We travelled to Srebrenica, a town haunted by the single largest genocide in Europe since the Nazi regime. Before laying a wreath at the Potocari memorial, we met with the Mothers of Srebrenica, the most moving part of my trip. They spoke of the anguish of losing their entire families and how the Bosnian Serb soldiers responsible still taunt them to this very day, boasting of their pride in their actions. One particular comment that struck me was how, like countless other survivors, twenty years on, people are still receiving parts of the bodies of loved ones unearthed in newly discovered mass graves. In one case, only two fingers were recovered and returned to the mother. Two fingers. Two small bones. She was a wife, a mother and in her words she “did not give birth to a few bones, she gave birth to four beautiful babies”.


It is always said that a parent should never have to bury their children. What about when it is all four of your children? And what happens when there is nothing to bury apart from two bones? “I died the day my children died”, she told me.

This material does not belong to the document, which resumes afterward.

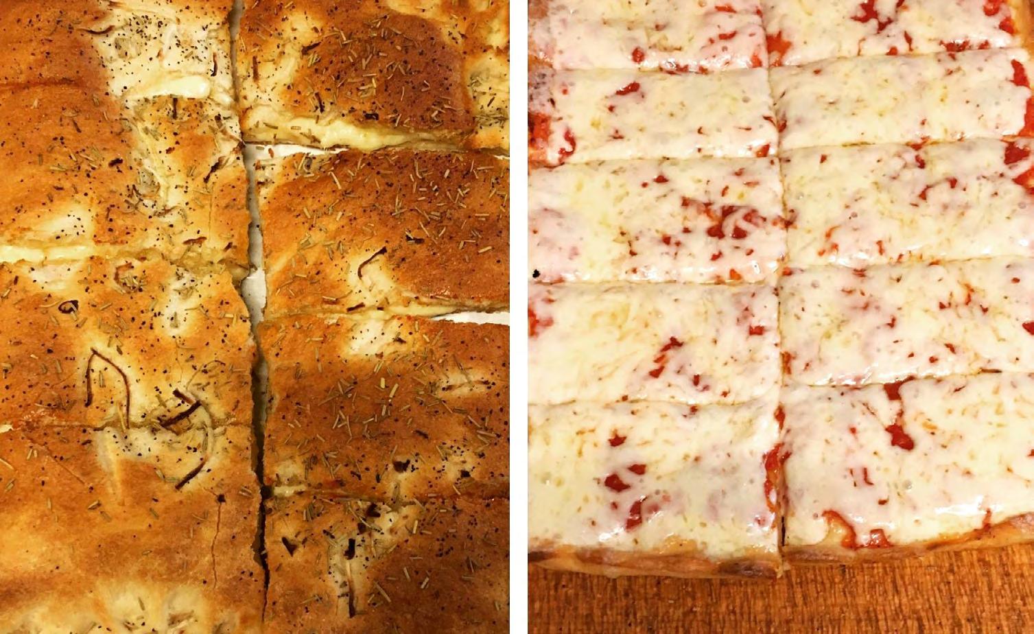 The pizza is a more rustic, home-style recipe that includes bready dough, a heavy helping of thick “Sunday” sauce, bell peppers and Romano cheese in lieu of mozzarella.
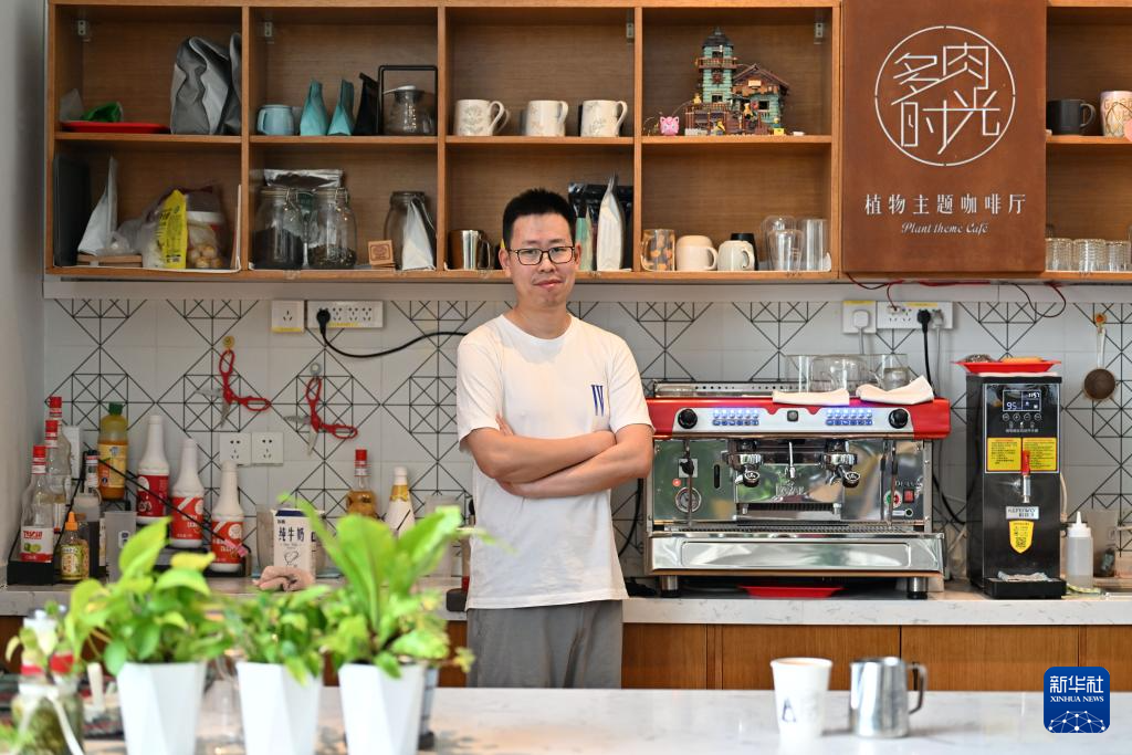 刁文超在天津市西青区的咖啡厅内工作(5月16日摄)。今年37岁的刁文超是一位听障人士,他现在是创美助残基地的咖啡师。来到创美助残基地后,刁文超在同事的帮助下开始学习制作咖啡,并逐渐能够独立接待客户,语言能力也得到提升。

We spent time in the Potocari Memorial Centre where we heard Hasan Hasanovic’s extraordinary tale of survival. It was here that I saw images of soldier brutality towards innocent civilians. Skeletal figures imprisoned behind barbed wire in concentration camps, sites of mass graves and horrifying footage of killings by firing squad. The victims – guilty of nothing other than their identity. I had seen these dehumanizing pictures before. I had seen pictures of homosexuals being beaten in the streets, the disabled shot on sight, political opposition thrown onto carts and driven away, Jewish businesses burned to the ground and distressing images of prisoners enslaved in concentration camps. Those pictures were in black and white. Those pictures were taken 70 years ago in the Second World War. Those people were Jews, political prisoners, Sinti and Roma, disabled and homosexual. Although practically identical in content, I was wrong; I had in fact not seen these pictures before. The pictures I was now seeing were in colour. Instead of Jews, they were Bosniaks (Bosnian Muslims) – they were shown to me not by a historian or by my elderly Grandma, but by a survivor in his late thirties. And instead of Germany and its surrounding countries, they were taken in Bosnia, not seventy years ago, but twenty, the year I was born.


How could this have happened again? A horrific time that I thought and hoped would stay consigned to black and white photographs, behind glass at a museum, only retold by history teachers.

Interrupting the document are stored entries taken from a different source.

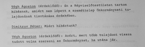 Szépen lassan kezd összeállni a kép az akkori cigánygödör, most szeméthegy tulajdonjog-változásával kapcsolatban. Még mindig az a kérdés, hogy dr. György Balázs miért magánszemélyként licitált 1993 év végén. Ebben a jegyzőkönyvben még az is felmerül, hogy az önkormányzat eleve résztulajdonnal rendelkezett, de akkor ez egy 'tollvonással rendezve' lett. Ráadásul a nyilatkozatok szerint a licitálók figyelembe vették volna az önkormányzat közösségi érdek miatti prioritását és felesleges árfelhajtásba sem is mentek volna bele. Elhangzott jónéhány (a jelenlegi következmények ismeretében) kulcsmondat is:
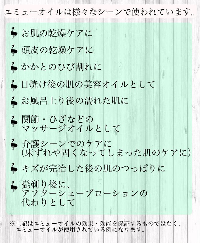 ◆本品はエミューオイルのみを使用した商品の為、気温が低いとオイルが固まることがあります。出にくい場合は手などで温めてお使いください。
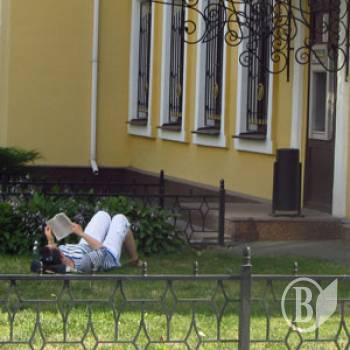 По-видимому, по этому принципу черниговчанка или гостья из белорусского Гомеля решила после обеда в воскресенье полежать на газоне и почитать умную книгу.
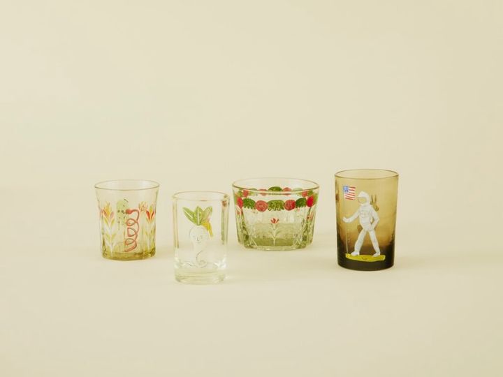 美しいガラスにユニークな絵柄が描かれた、なんとも楽しい器。この絵は、「沖縄おもしろカルタ」でもお馴染みの「玩具ロードワークス」を主宰する豊永盛人さんによるものです。倉敷のガラス作家・石川昌浩さんが作り上げた器に、エナメル彩で描かれた絵が、唯一無二の魅力を放っています。これが食卓に並んだ瞬間、まるで卓上に花が咲いたような感覚になります。民藝に通ずる二人から生まれたこともあってか、民藝の器ともとても相性が良いのです。
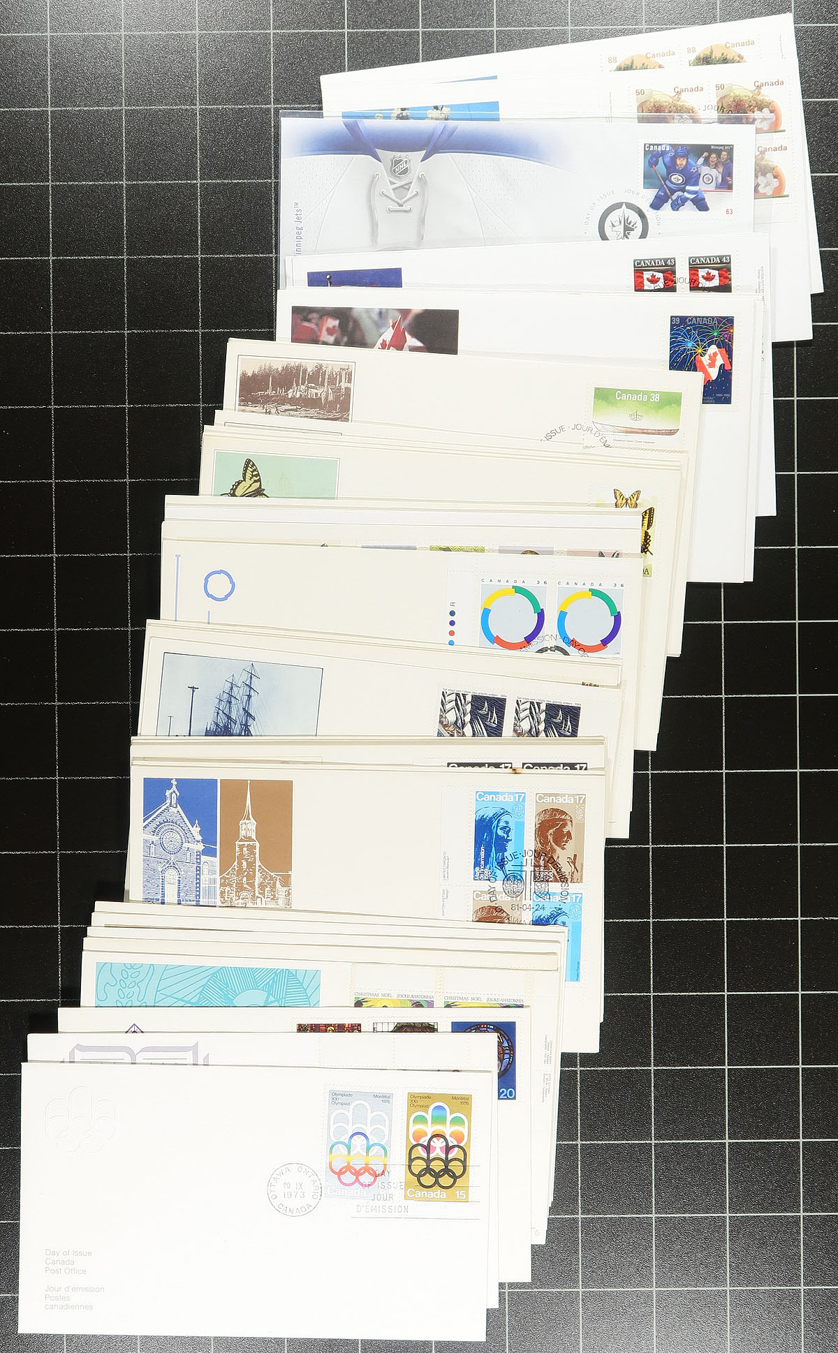 First Day Covers. Haul of mostly Canada Post cachets for issues from 1965-2007. Patchy coverage at times, and mostly single stamps with a few plate blocks and souvenir sheets. Many are loose, but there are three various cover albums packed with covers. Probably 400, mostly different, with some private cachets up to about 1975, but these are less than 10% of the lot. Fills a banker’s box. Estimate =
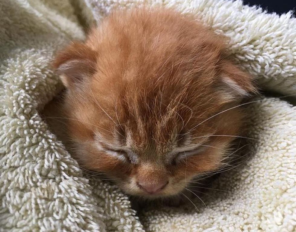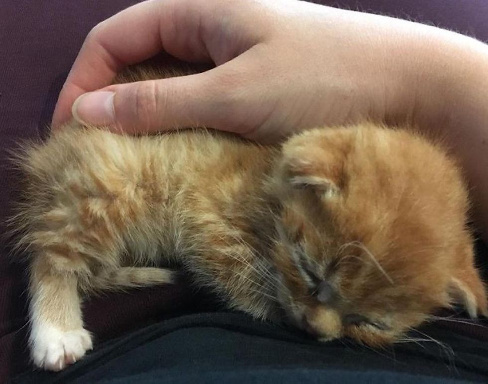 Penny reached out to the finder and offered to help. When she got the kitten, she immediately noticed something different about the tiny bundle of fur. "He was very rounded, and a little oddly shaped for a kitten."

Someone had not coloured in the black and white pictures from World War II with crayons and paint. We had not learnt from the past and this is how these images had come to be shown to a delegation of young students and a BBC camera crew, in colour, in 2015.

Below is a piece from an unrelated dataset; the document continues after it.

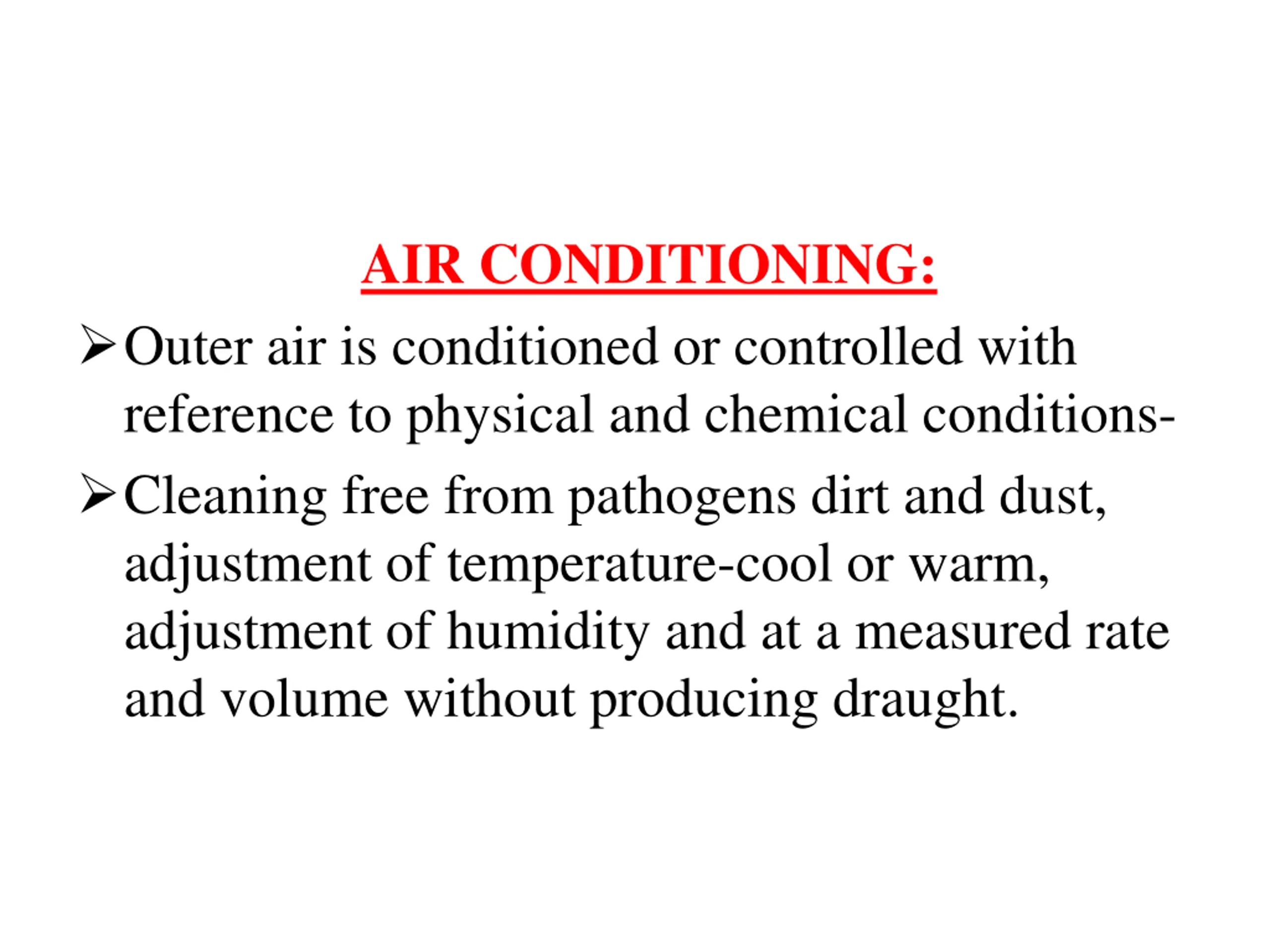 AIR CONDITIONING: Outer air is conditioned or controlled with reference to physical and chemical conditions- Cleaning free from pathogens dirt and dust, adjustment of temperature-cool or warm, adjustment of humidity and at a measured rate and volume without producing draught.

In Srebrenica alone, 8,372 men and boys were led away to their deaths, lined up and shot in batches, then buried in mass graves.
When we are exposed to stories of past conflicts and desperation, we always wonder what actions we would be willing to take in such surreal circumstances. Some of us say with confidence that we would like to think that we will be as courageous as Miep Gies and the Bielski Brothers. Some contemplate how we would be able to find the will to survive. Would we be Resad Trbonja running through underground tunnels risking suffocation to retrieve supplies? Would we feel it is our duty to join the resistance even if it meant possible injury or even death? Would we feel the desire to only defend our family in such an unstable era? If we were not the victims of such persecution, would we recognise the evil and defend those affected? Or would we buy into the propaganda and conform to herd mentality? These questions and answers are hypothetical. They concern only the past. We cannot really answer them. Nevertheless, it is fundamental that we learn from the past so as to keep it there. George Santayana once said, “Those who fail to learn from history are doomed to repeat it”.


There is however one question we can answer now in 2015.


What will we – everyone single one of us do to make sure that it does not happen again?